Разбор учреждений завлек бы далеко и не входит в наши пределы. Ограничимся восточными нравами. Не знаю, лучше ли они наших; но они другие, и доселе принадлежат многим миллионам людей. Этого довольно, дабы заслужить им беспристрастное внимание наблюдателя.

Однако же нельзя не упомянуть мимоходом о двух примечательных чертах восточного государственного устройства; ими оно резко отличается от западноевропейского; притом они сохранились от глубокой древности, и не сказав о них, трудно составить ясный очерк восточных нравов. Не забудьте, мы наблюдаем их особливо в Турции; здесь, как выше замечено, основные черты азиатских учреждений стали изменяться уже от самого времени водворения мусульман в Европе. Следственно нас должны вести столько же местные наблюдения, сколько аналогия с известиями о других восточных странах, и даже с древними преданиями. [37]

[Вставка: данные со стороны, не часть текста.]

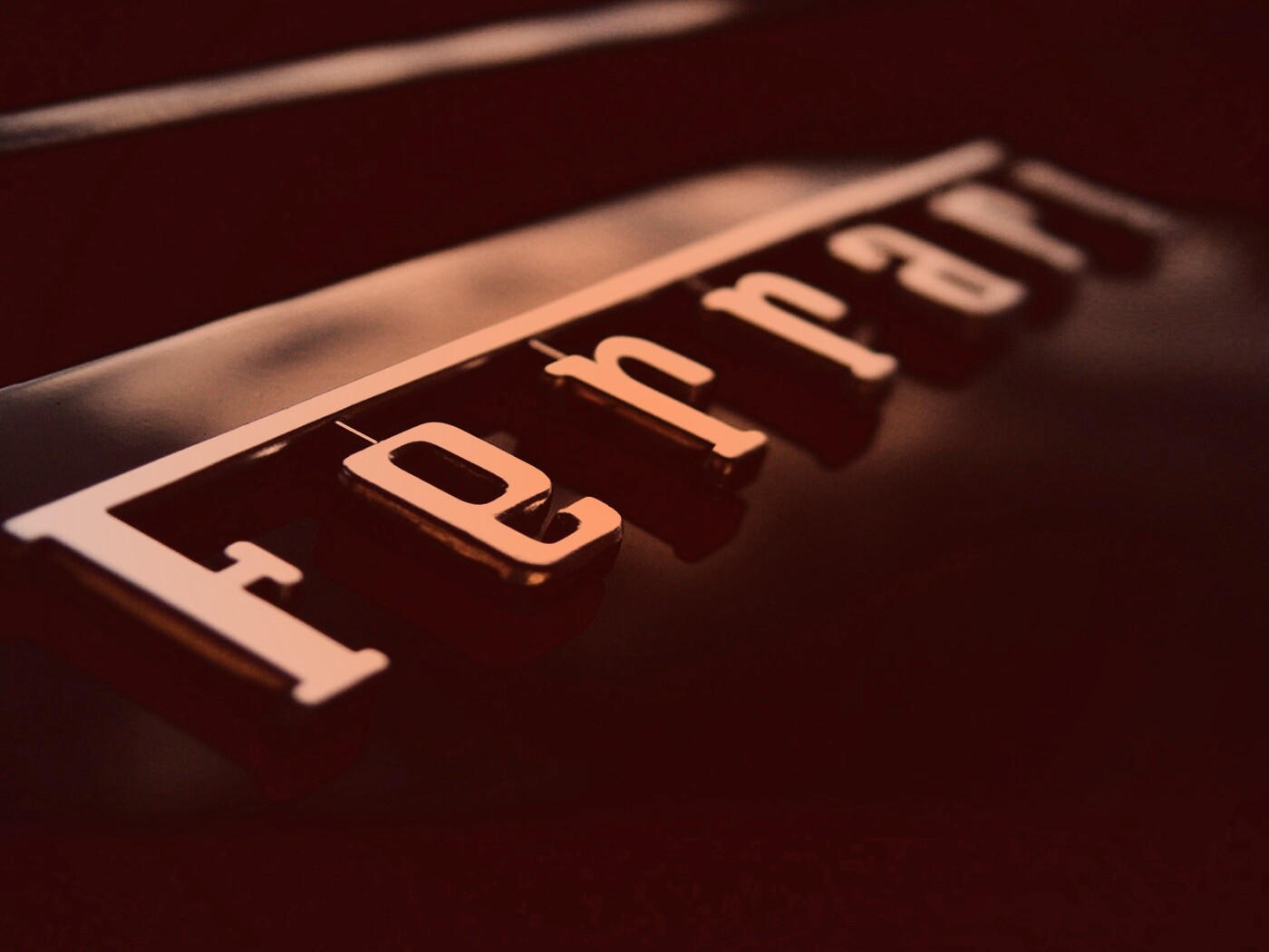 Обои для рабочего стола «Хромированный логотип Ferrari» 1400х1050 с фильтром toaster (оригинал 1600х1200)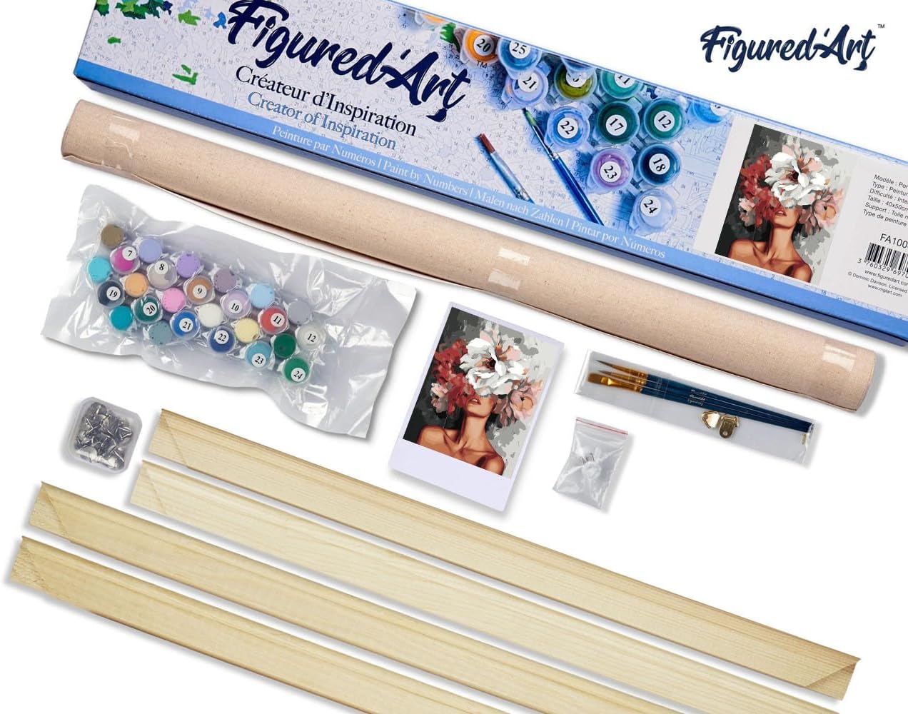 Figured'Art Malen Nach Zahlen Erwachsene Mit Rahmen Schönheit hinter Blumen - Paint by Numbers Baste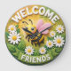 This delightful round wall clock features a charming 3D-style digital illustration of a cheerful honey bee with rosy cheeks and pink wings. The bee is surrounded by a lush arrangement of white daisies and vibrant green leaves against a sunny yellow and green background. Bold white lettering at the top reads "WELCOME," while a matching banner at the bottom displays the word "FRIENDS," creating a warm and inviting atmosphere. The textured, clay-like appearance of the characters and floral elements adds a unique depth and artisanal feel to the design. This functional home accessory is a perfect decorative piece for kitchens, entryways, or as a thoughtful housewarming gift. Its bright color palette and friendly greeting provide a joyful and welcoming focal point for any interior space, celebrating the beauty of nature and friendship.

Ничто лучше не доказывает природного различия между видами ума, как сравнительное наблюдение над европейцем и восточным, когда они судят. Тут легко видеть на опыте, как два ума могут быть в одно и то же время сильны и слабы, каждый по своей отдельной части. Стихия европейца — анализ, мусульманина — созерцание. Хлопотун европеец дробит свое суждение, отделяет посылки, мерит заключение. Для восточного докучны такие затеи; ум его ленив, но верен. Пускай спросят, хорошо ли это или дурно? Он даст ответ иногда вернее нашего. А почему? не добивайтесь: он сам того не знает, и не его дело. Кто был в частом сношении с мусульманами, дивится здравому их смыслу в самых важных вопросах; но заведите их в тонкости диалектики — они тупы и молчат, или несут околесную. Здесь они не своей стихии. Не от того ли Турки, в продолжение слишком двух веков, любили поручать политические переговоры Грекам. Главная сила мусульман — правосудие; оно предписано Кораном; у них первый сановник государства, верховный визирь, исстари был вместе и главным судьею. Вопросы о праве, о добре и зле, редко бывают сложны; для их разрешения потребны ясный ум и здравая душа. Судья не полицмейстер; роль его страдательна; он не гоняется за преступником, но по доносу или жалобе зовет его к судилищу и решит: да или нет, прав или виновен, взыскать или уволить. Что называют в Европе собственно управлением, администрациею никогда [38] не существовало на востоке иначе, как в самом простом виде, безо всяких положительных правил. Обычай был законом; каждый жил как хотел, а власть вступалась только в спорных случаях. Такой род у управления доныне существует в Черной Горе и на Ливане; он — идеал блаженства, но лишь там, где нравы сохранили пастушескую простоту и непорочность; при таких условиях недостатки его исчезают. В обыкновенном людском быту неминуемые его плоды — повсеместный беспорядок, лихоимство и насилие. Применить его к нынешней Европе была бы беда и даже невозможность. В Турции повсюду свежи еще следы такого управления; оно перешло из Азии с мусульманами.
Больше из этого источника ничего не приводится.